● **EXERCISE REQUIREMENTS**:
Return nothing but the lines from the one with "Elevate your formal" through the one with "Дизайн для вышивальных" in the data below, word for word and without pictures.

● **EXERCISE DATA**:

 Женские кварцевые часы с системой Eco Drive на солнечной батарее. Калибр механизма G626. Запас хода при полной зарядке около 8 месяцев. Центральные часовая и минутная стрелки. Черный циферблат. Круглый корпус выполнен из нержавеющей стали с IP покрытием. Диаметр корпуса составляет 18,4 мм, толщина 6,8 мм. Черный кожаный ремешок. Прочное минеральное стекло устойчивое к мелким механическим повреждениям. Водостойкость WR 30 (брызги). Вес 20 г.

* * *

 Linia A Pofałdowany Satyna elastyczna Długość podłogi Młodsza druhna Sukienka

---

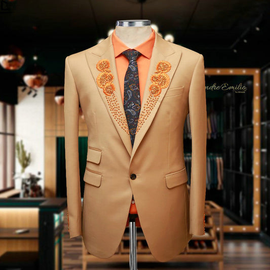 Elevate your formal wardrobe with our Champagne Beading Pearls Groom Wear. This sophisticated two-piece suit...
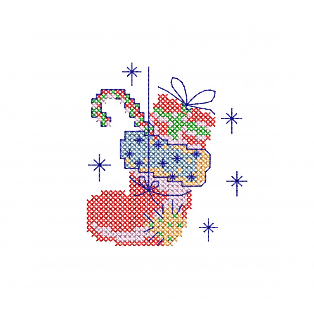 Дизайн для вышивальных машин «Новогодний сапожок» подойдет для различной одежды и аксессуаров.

● **YOUR RESPONSE**:
 Elevate your formal wardrobe with our Champagne Beading Pearls Groom Wear. This sophisticated two-piece suit...
 Дизайн для вышивальных машин «Новогодний сапожок» подойдет для различной одежды и аксессуаров.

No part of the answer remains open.